• Provided records:
####
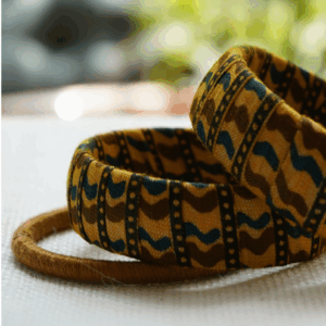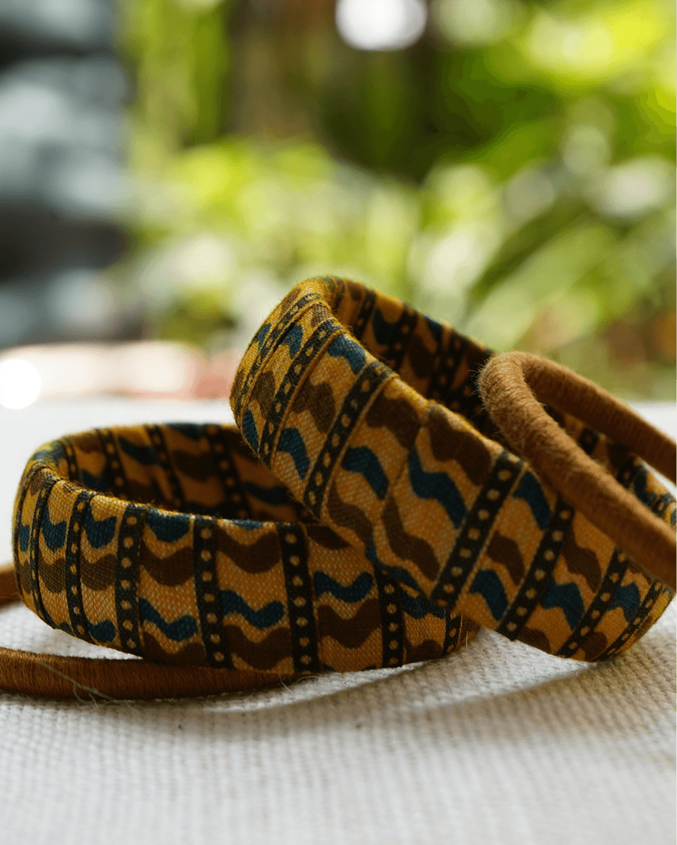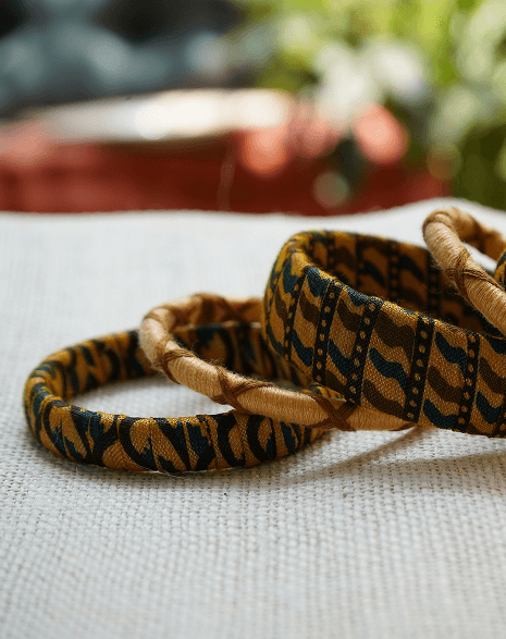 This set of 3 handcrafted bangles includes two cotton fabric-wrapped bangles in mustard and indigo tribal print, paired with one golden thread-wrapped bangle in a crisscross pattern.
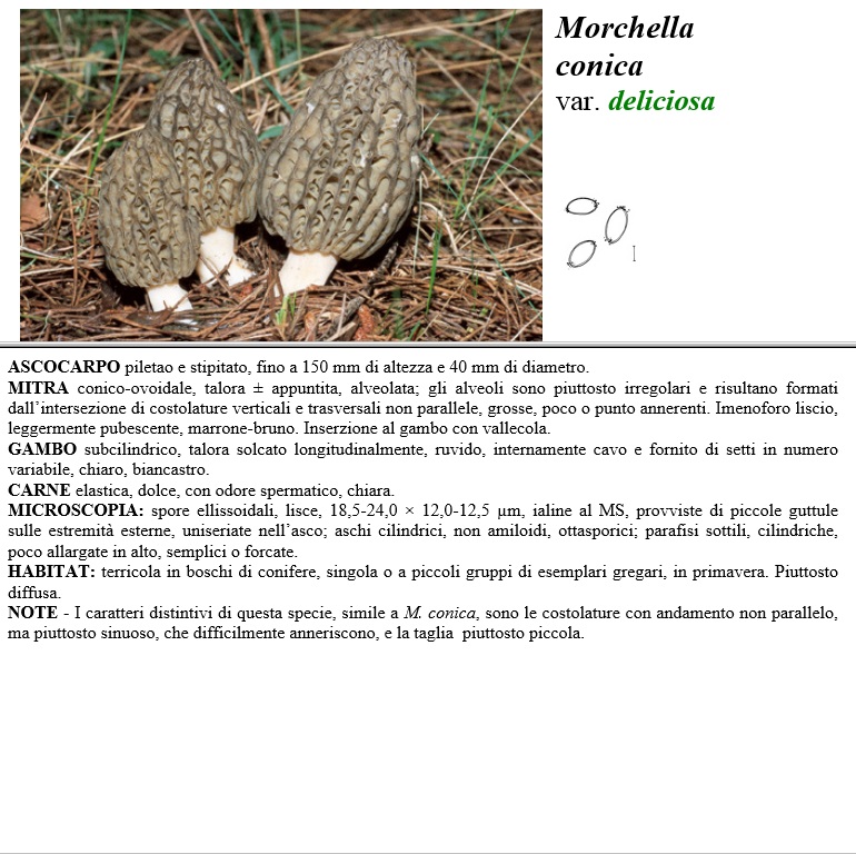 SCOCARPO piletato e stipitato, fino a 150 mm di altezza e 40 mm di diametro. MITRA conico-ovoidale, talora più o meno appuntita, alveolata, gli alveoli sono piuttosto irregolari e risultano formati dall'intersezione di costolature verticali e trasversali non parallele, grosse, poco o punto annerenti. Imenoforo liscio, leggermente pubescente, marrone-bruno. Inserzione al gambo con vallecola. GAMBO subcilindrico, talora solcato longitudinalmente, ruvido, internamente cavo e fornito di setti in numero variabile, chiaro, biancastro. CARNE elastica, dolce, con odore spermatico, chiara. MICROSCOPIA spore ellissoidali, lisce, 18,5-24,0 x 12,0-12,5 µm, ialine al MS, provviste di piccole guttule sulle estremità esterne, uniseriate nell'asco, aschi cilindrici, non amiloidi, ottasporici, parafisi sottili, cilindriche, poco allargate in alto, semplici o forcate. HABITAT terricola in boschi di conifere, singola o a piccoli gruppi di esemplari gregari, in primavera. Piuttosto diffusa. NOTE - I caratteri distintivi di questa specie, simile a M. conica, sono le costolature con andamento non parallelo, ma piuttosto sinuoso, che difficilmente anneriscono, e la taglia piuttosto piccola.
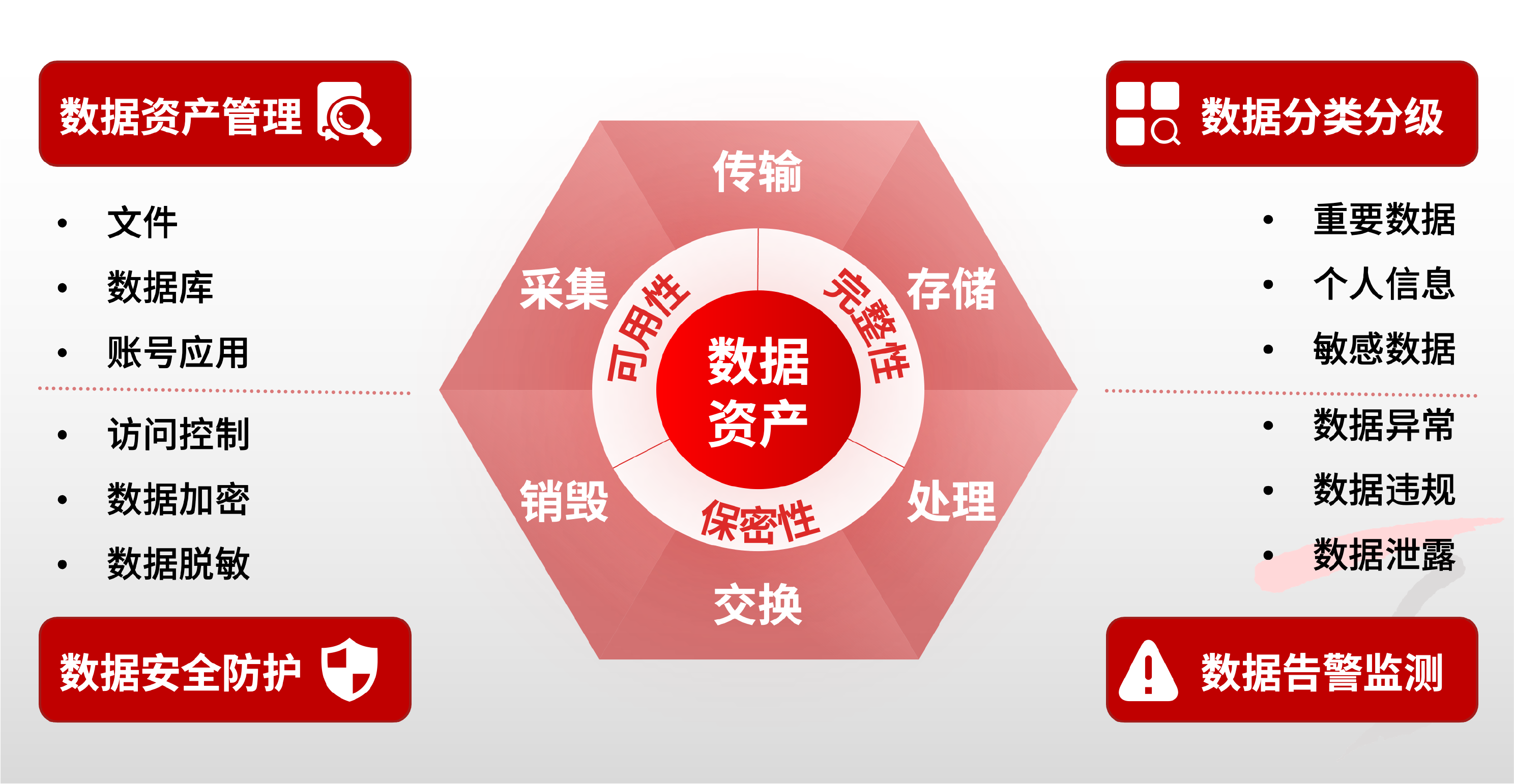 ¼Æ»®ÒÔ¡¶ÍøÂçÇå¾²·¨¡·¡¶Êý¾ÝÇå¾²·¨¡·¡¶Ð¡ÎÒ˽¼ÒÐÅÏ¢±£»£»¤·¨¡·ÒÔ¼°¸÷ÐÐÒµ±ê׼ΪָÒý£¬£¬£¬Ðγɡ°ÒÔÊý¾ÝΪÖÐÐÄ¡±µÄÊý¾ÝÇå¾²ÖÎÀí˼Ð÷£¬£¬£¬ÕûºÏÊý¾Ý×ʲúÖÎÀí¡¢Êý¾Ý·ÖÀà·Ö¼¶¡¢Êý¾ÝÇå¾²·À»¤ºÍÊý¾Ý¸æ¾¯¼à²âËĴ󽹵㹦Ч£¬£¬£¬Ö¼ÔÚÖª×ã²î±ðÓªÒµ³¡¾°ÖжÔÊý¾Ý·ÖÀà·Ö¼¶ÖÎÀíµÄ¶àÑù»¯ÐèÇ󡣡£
####
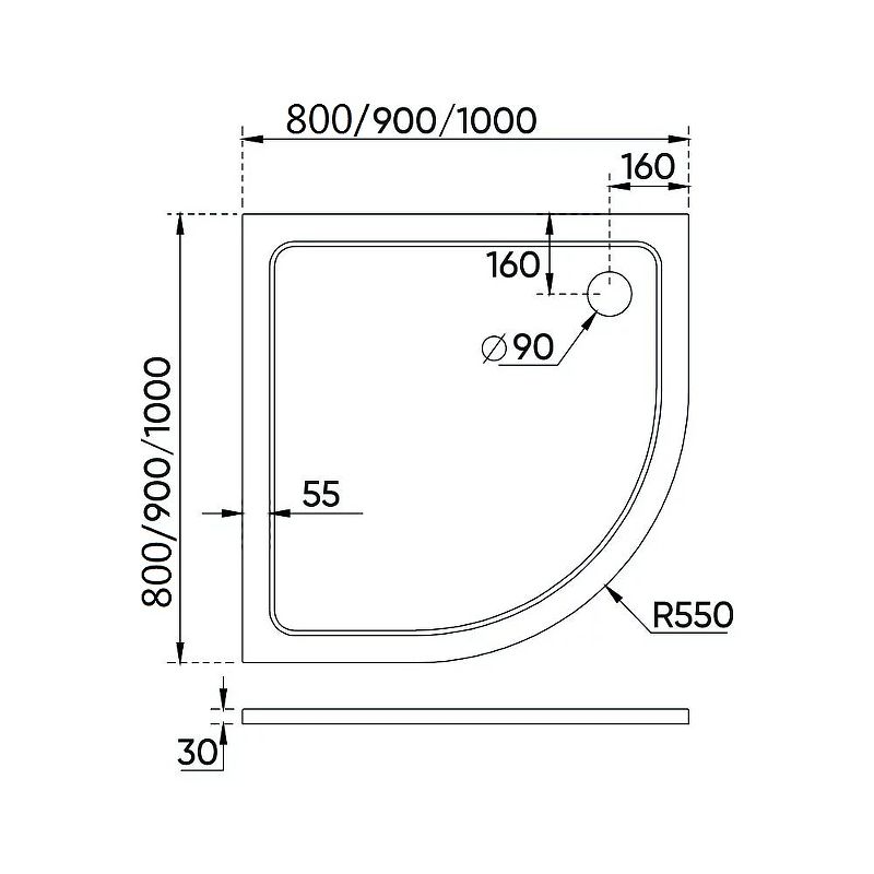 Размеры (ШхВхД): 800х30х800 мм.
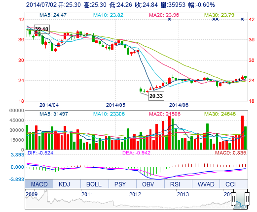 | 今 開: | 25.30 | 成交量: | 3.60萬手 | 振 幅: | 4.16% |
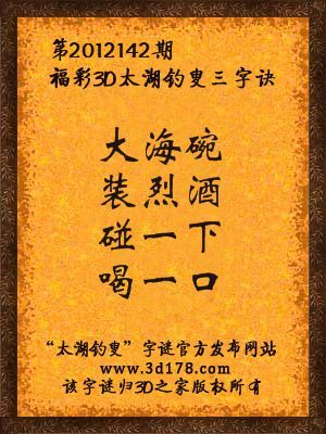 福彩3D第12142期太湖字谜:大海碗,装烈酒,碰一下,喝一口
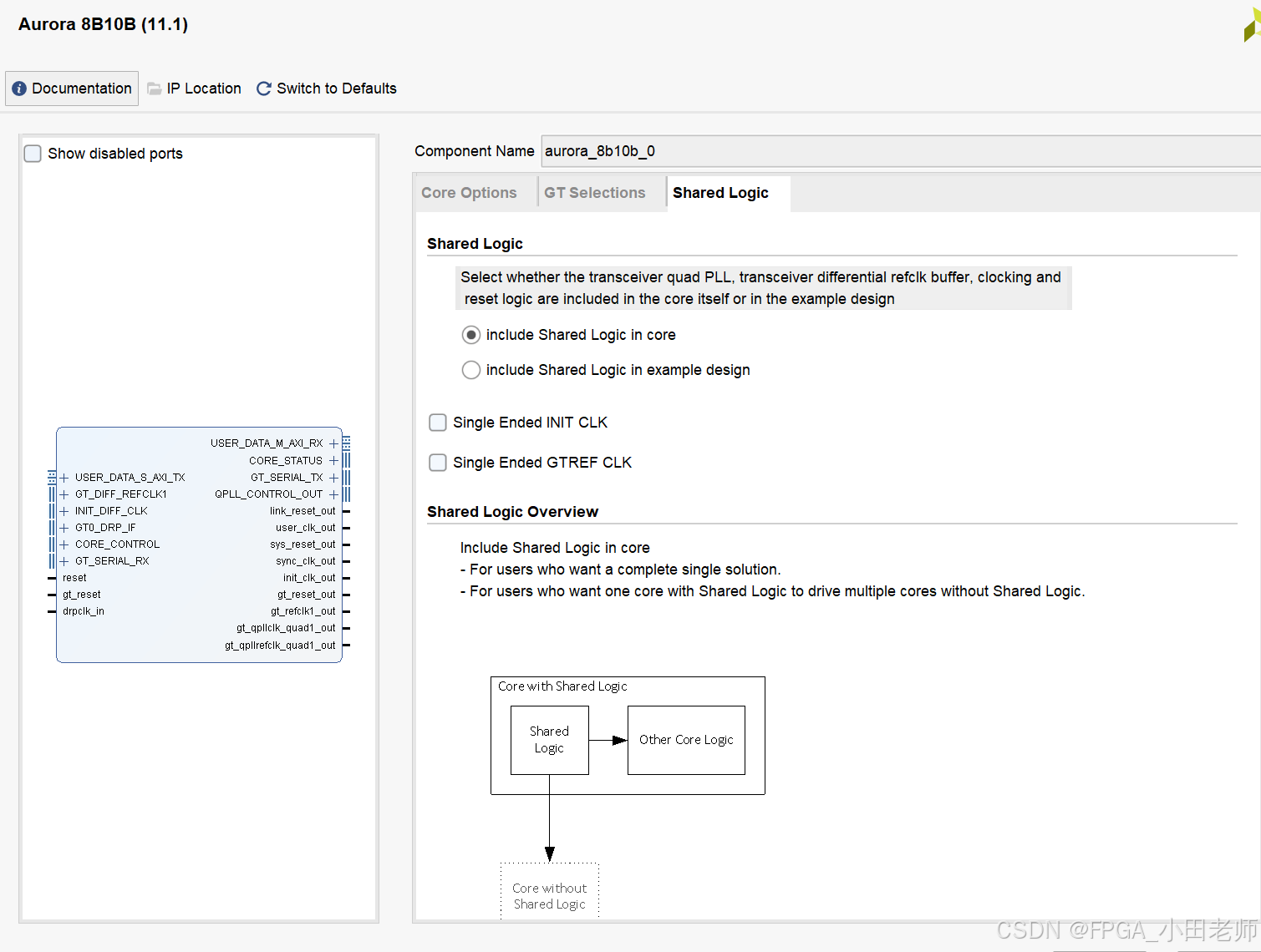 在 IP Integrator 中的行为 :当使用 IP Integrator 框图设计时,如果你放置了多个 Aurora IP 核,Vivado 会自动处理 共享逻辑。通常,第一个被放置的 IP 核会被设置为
####
• Task requirements: Extract the part of the records that opens with the line containing "This set of" and closes with the line containing "SCOCARPO piletato e". Take only those lines, exactly, and no pictures.

• Your response:
 This set of 3 handcrafted bangles includes two cotton fabric-wrapped bangles in mustard and indigo tribal print, paired with one golden thread-wrapped bangle in a crisscross pattern.
 SCOCARPO piletato e stipitato, fino a 150 mm di altezza e 40 mm di diametro. MITRA conico-ovoidale, talora più o meno appuntita, alveolata, gli alveoli sono piuttosto irregolari e risultano formati dall'intersezione di costolature verticali e trasversali non parallele, grosse, poco o punto annerenti. Imenoforo liscio, leggermente pubescente, marrone-bruno. Inserzione al gambo con vallecola. GAMBO subcilindrico, talora solcato longitudinalmente, ruvido, internamente cavo e fornito di setti in numero variabile, chiaro, biancastro. CARNE elastica, dolce, con odore spermatico, chiara. MICROSCOPIA spore ellissoidali, lisce, 18,5-24,0 x 12,0-12,5 µm, ialine al MS, provviste di piccole guttule sulle estremità esterne, uniseriate nell'asco, aschi cilindrici, non amiloidi, ottasporici, parafisi sottili, cilindriche, poco allargate in alto, semplici o forcate. HABITAT terricola in boschi di conifere, singola o a piccoli gruppi di esemplari gregari, in primavera. Piuttosto diffusa. NOTE - I caratteri distintivi di questa specie, simile a M. conica, sono le costolature con andamento non parallelo, ma piuttosto sinuoso, che difficilmente anneriscono, e la taglia piuttosto piccola.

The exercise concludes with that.